_WHAT YOU ARE ASKED TO DO_: Please set down only the lines below starting with the line with "Sunscreens typically use" and going on through the line with "Network of predicted", verbatim and without pictures.
####################
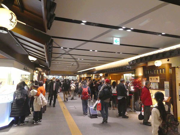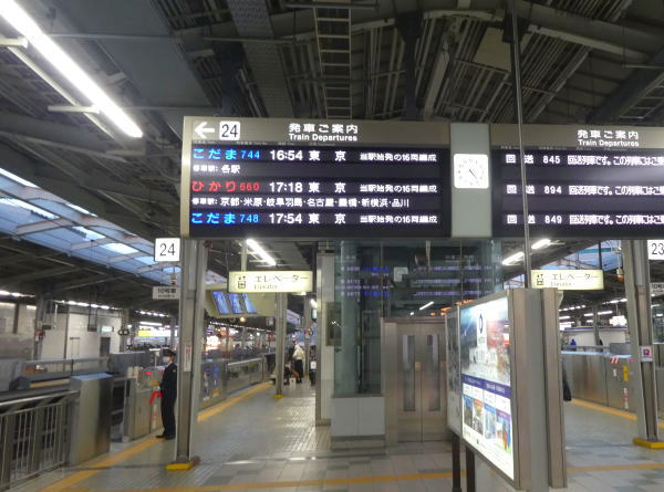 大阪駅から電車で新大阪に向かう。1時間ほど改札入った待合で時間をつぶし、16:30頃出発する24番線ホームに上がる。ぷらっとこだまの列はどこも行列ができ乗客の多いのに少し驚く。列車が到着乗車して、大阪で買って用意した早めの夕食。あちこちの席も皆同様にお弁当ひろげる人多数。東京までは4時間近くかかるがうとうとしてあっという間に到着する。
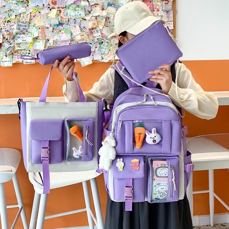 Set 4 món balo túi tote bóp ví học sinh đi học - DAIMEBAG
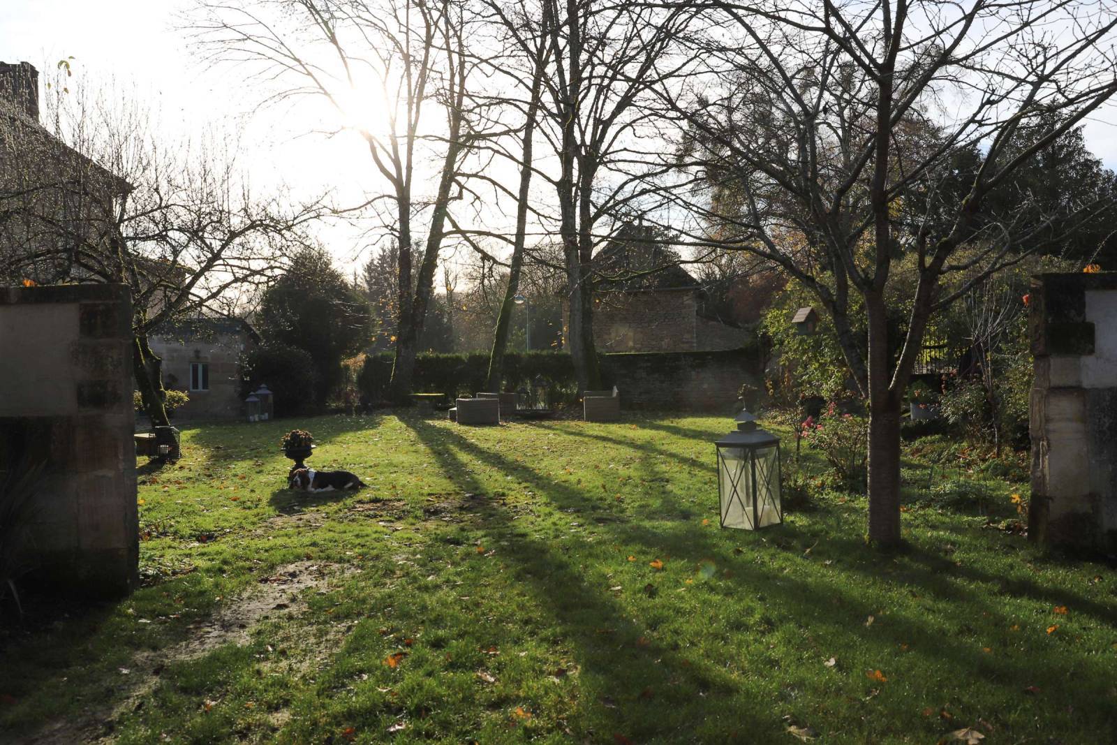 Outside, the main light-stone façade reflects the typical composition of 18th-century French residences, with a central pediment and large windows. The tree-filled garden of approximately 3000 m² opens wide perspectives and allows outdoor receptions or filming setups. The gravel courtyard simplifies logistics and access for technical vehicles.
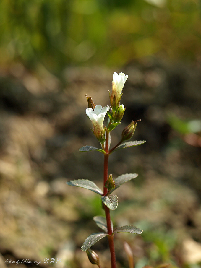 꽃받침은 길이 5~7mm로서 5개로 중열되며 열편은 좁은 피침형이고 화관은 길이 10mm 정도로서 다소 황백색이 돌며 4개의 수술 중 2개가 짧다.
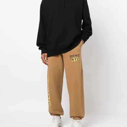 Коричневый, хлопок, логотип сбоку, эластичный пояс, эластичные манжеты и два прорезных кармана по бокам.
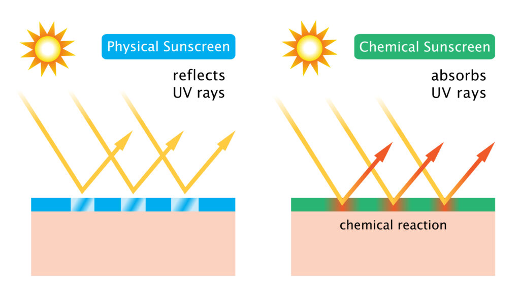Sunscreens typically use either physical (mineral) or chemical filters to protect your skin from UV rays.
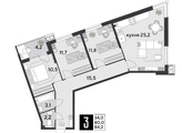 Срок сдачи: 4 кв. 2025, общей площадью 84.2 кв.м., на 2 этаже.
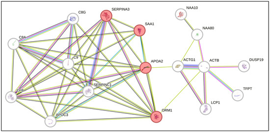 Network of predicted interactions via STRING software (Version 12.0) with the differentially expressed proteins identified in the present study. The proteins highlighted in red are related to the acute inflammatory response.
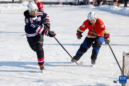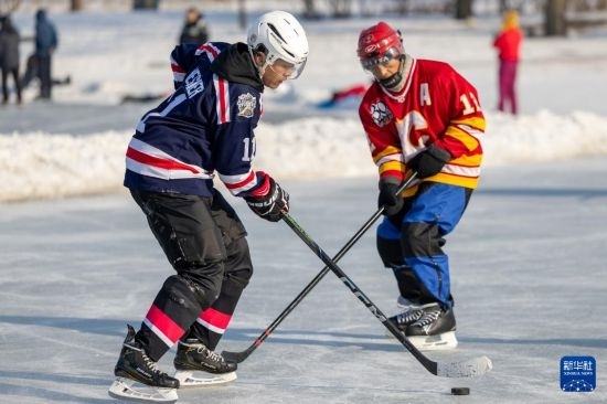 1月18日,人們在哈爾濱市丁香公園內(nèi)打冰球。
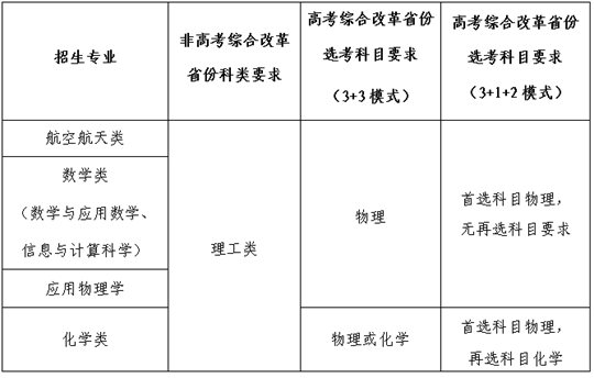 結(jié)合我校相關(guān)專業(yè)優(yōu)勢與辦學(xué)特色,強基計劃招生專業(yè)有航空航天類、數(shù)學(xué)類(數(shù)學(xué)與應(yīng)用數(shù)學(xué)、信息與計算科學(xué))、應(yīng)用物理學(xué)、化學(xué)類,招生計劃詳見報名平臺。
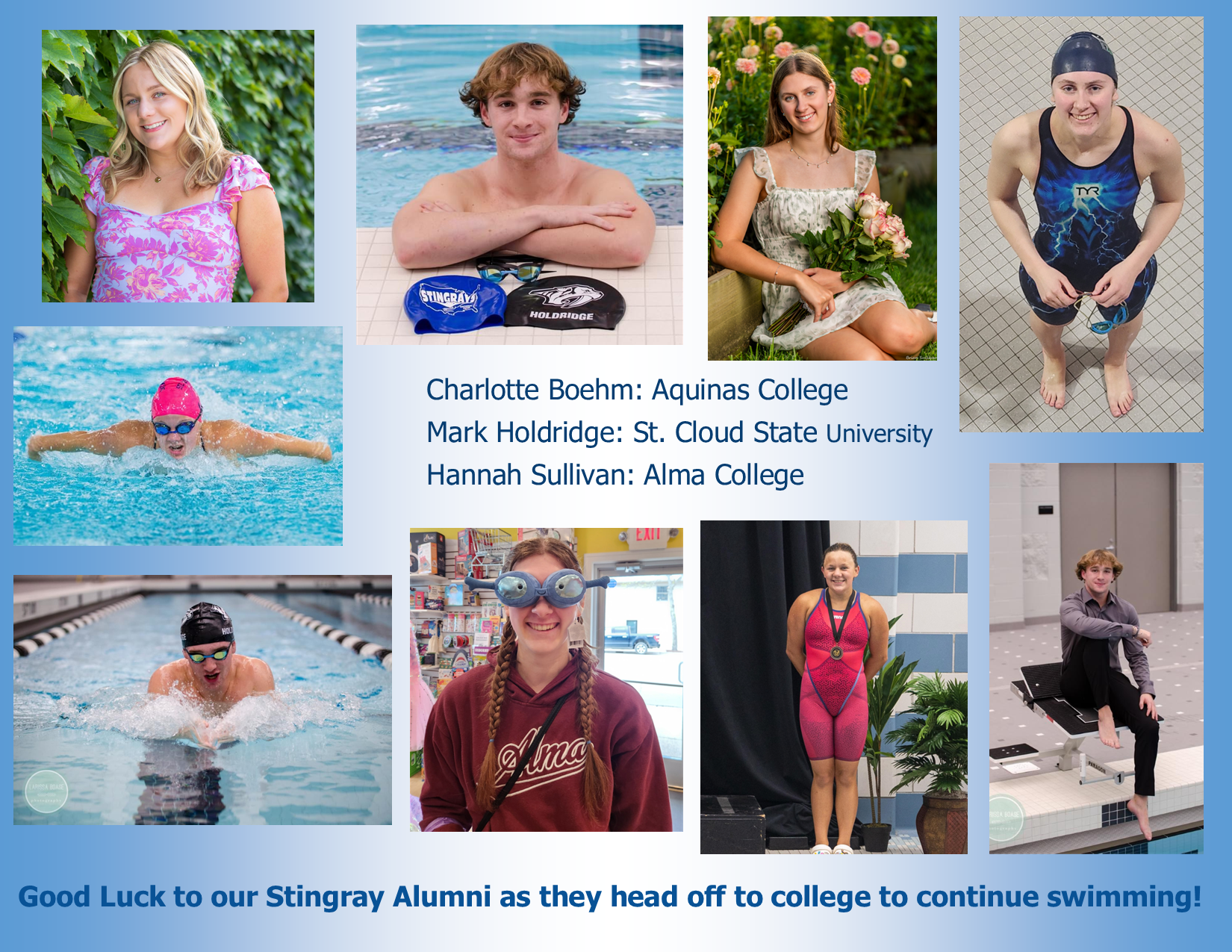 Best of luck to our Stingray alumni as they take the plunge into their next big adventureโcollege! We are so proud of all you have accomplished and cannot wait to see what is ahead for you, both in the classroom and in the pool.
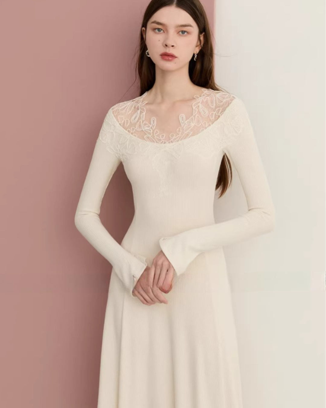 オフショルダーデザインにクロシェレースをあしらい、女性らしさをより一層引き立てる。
####################
_OUTPUT FOR THIS EXERCISE_:
Sunscreens typically use either physical (mineral) or chemical filters to protect your skin from UV rays.
 Срок сдачи: 4 кв. 2025, общей площадью 84.2 кв.м., на 2 этаже.
 Network of predicted interactions via STRING software (Version 12.0) with the differentially expressed proteins identified in the present study. The proteins highlighted in red are related to the acute inflammatory response.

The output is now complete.